Prompt
All the entries need to be quoted exactly, apart from the pictures, which you should drop.

Records from a collection
━━━━━━━━━━━━━━━━━━━━

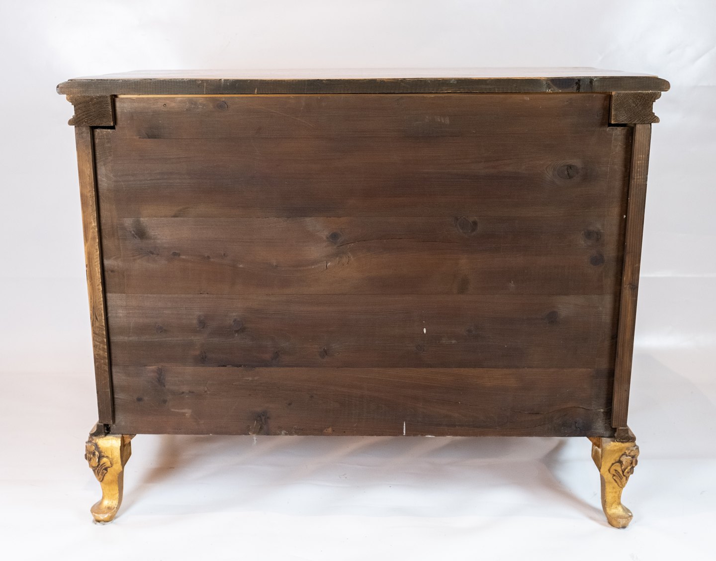 Kontakt os vedrørende prisKommode af poleret valnøddetræ dekoreret med forgyldning og håndtag af messing fra 1860erne. Møblet er i flot brugt stand.
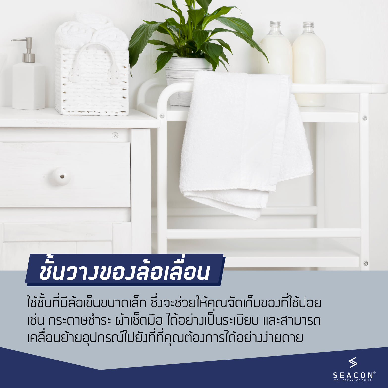 หากห้องน้ำของคุณมีพื้นที่เพิ่มขึ้นเล็กน้อย อาจเพิ่มออแกไนเซอร์ที่เป็นชั้น ๆ อาจใช้ชั้นที่มีล้อเข็นขนาดเล็ก ซึ่งจะช่วยให้คุณจัดเก็บของที่ใช้บ่อย เช่น กระดาษชำระ ผ้าเช็ดมือ ได้อย่างเป็นระเบียบ และสามารถเคลื่อนย้ายอุปกรณ์ไปยังที่ที่คุณต้องการได้อย่างง่ายดาย
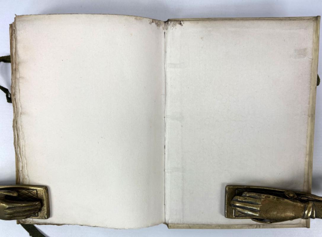 There are a couple of small marginal stained areas near the top of the endpaper/pastedown pages.
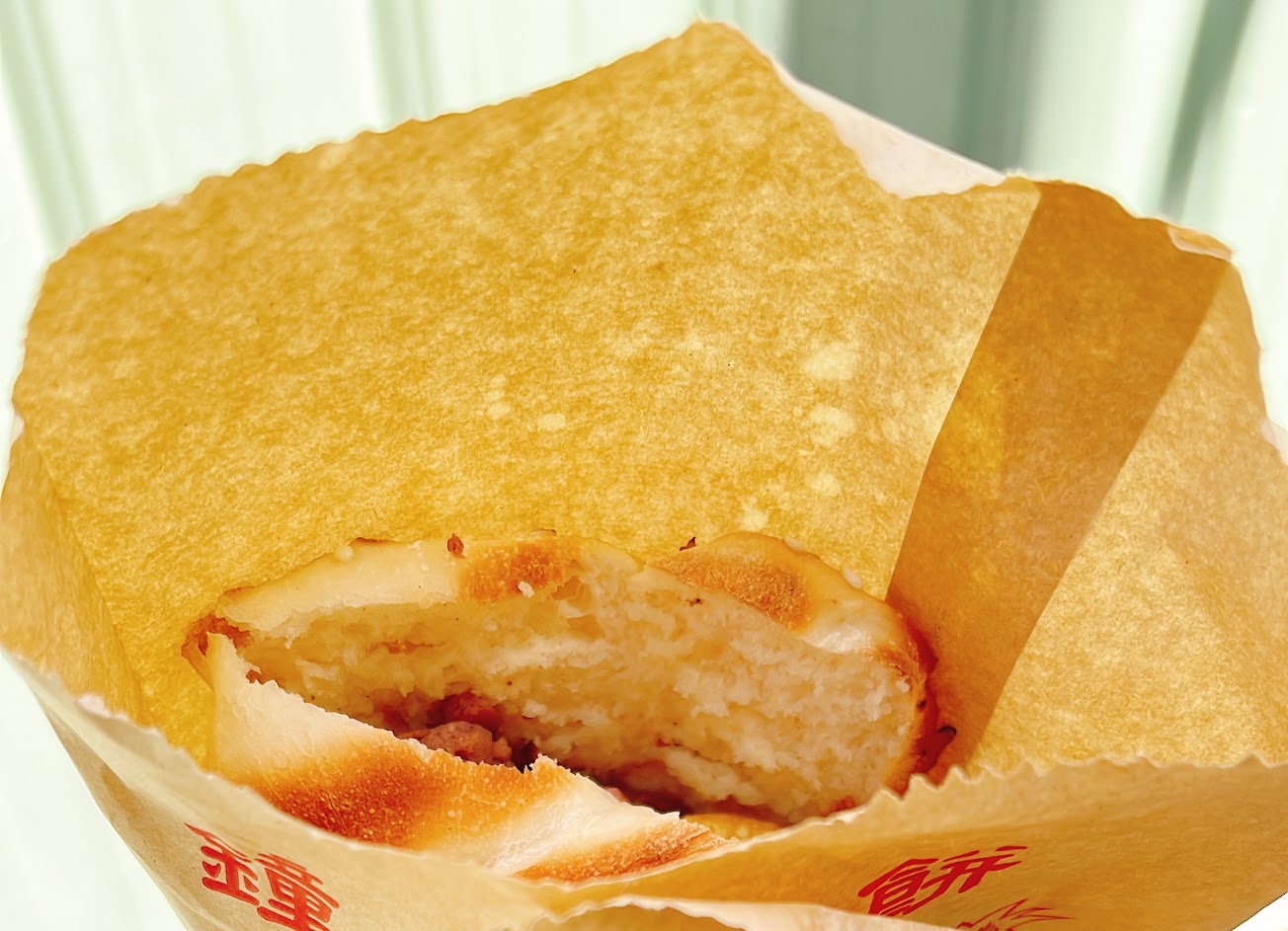 燒餅本人跟平常吃到的那種像派皮的感覺不同不會掉屑屑,而是帶有甜味的厚實麵包感,加上玉米蛋後更是美味,可惜有加蛋的就會有蔥啊!!!太失策了
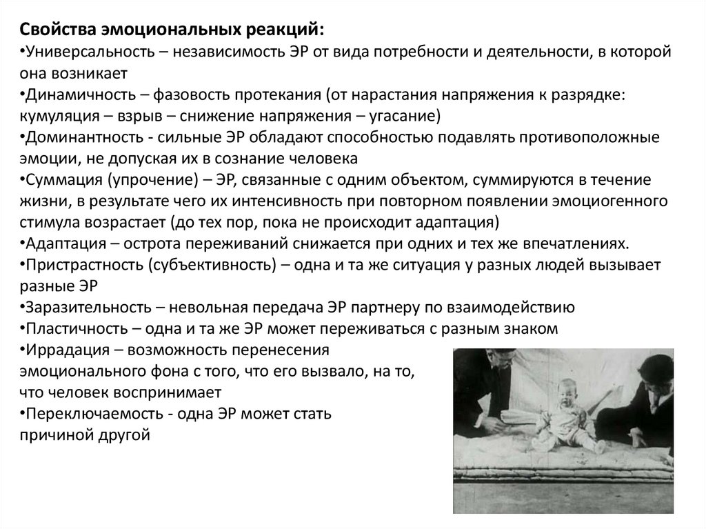 Свойства эмоциональных реакций:•Универсальность – независимость ЭР от вида потребности и деятельности, в которой
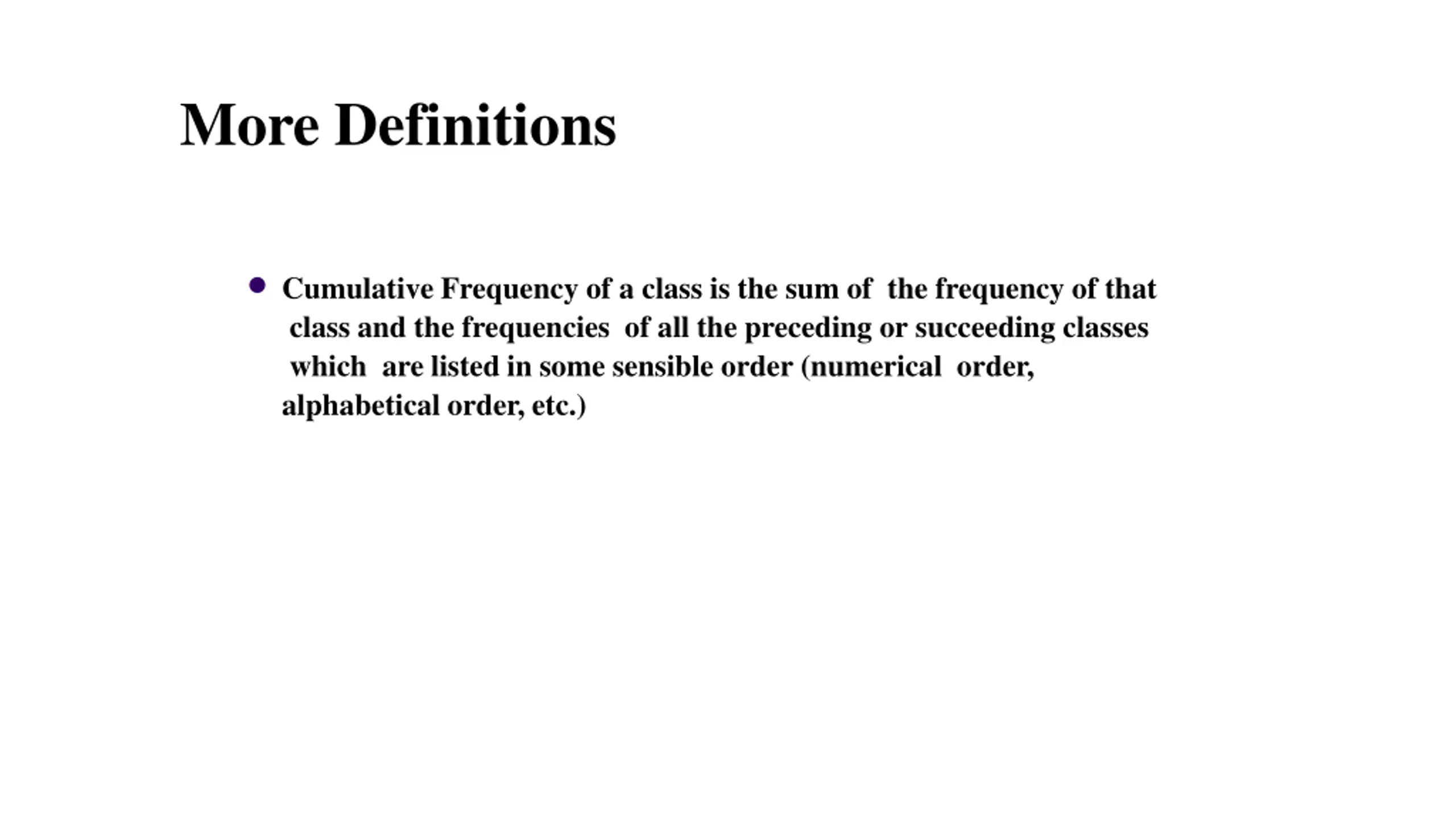 More Definitions Cumulative Frequency of a class is the sum of the frequency of that class and the frequencies of all the preceding or succeeding classes which are listed in some sensible order (numerical order, alphabetical order, etc.)

━━━━━━━━━━━━━━━━━━━━

Answer
 Kontakt os vedrørende prisKommode af poleret valnøddetræ dekoreret med forgyldning og håndtag af messing fra 1860erne. Møblet er i flot brugt stand.
 หากห้องน้ำของคุณมีพื้นที่เพิ่มขึ้นเล็กน้อย อาจเพิ่มออแกไนเซอร์ที่เป็นชั้น ๆ อาจใช้ชั้นที่มีล้อเข็นขนาดเล็ก ซึ่งจะช่วยให้คุณจัดเก็บของที่ใช้บ่อย เช่น กระดาษชำระ ผ้าเช็ดมือ ได้อย่างเป็นระเบียบ และสามารถเคลื่อนย้ายอุปกรณ์ไปยังที่ที่คุณต้องการได้อย่างง่ายดาย
 There are a couple of small marginal stained areas near the top of the endpaper/pastedown pages.
 燒餅本人跟平常吃到的那種像派皮的感覺不同不會掉屑屑,而是帶有甜味的厚實麵包感,加上玉米蛋後更是美味,可惜有加蛋的就會有蔥啊!!!太失策了
 Свойства эмоциональных реакций:•Универсальность – независимость ЭР от вида потребности и деятельности, в которой
 More Definitions Cumulative Frequency of a class is the sum of the frequency of that class and the frequencies of all the preceding or succeeding classes which are listed in some sensible order (numerical order, alphabetical order, etc.)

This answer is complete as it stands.